The square has functioned during the past decades as the absolute hub for city and regional bus lines in Antwerp, with 28 platforms that are serviced by busses going in any direction, as well as the above mentioned tram routes. Also, the square is within a short walking distance of the Opera premetro station to the South, and the Astridplein, also a hub for city public transport, and Antwerp-Central railway station to the East.
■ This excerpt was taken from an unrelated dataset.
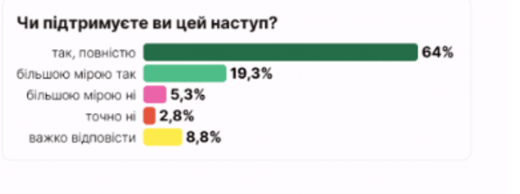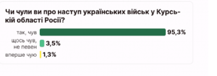 Згідно з даними соціологічного опитування, переважна більшість громадян стежать за подіями в Курській області. Водночас 12,3% опитаних виступають категорично проти дій Сил оборони України на території ворога.

In recent years, efforts are being made to reduce the number of busses having their terminus at the Rooseveltplaats, in part to reduce bus traffic in the inner city as well as to relieve pressure on the Rooseveltplaats. In 2002, regional busses toward Waasland were limited to the Van Eeden square on Linkeroever. In 2012 several bus lines going North or South were either cancelled or limited to termini outside the city centre, and in 2015, the busses going eastward through Borgerhout were diverted to the bus station at Antwerpen-Berchem railway station. Starting from June 2017 furthermore, busses to Boom and Mechelen are limited to Antwerpen-Zuid. Also, international bus services such as Flixbus and IC Bus have largely moved to the nearby Astridplein.

== Future ==
Beginning in June 2017, large scale construction works will start on the Rooseveltplaats as a part of the larger Noorderlijn project. After the conclusion of these works, the number of bus platforms will be reduced from 28 to 12. At the same time, the square will get new tram connections after the construction of tram tracks on the northern part of the Leien. Also, the currently unused premetro tunnel between Astrid and Opera stations will be taken into service by tram routes 8 and 10.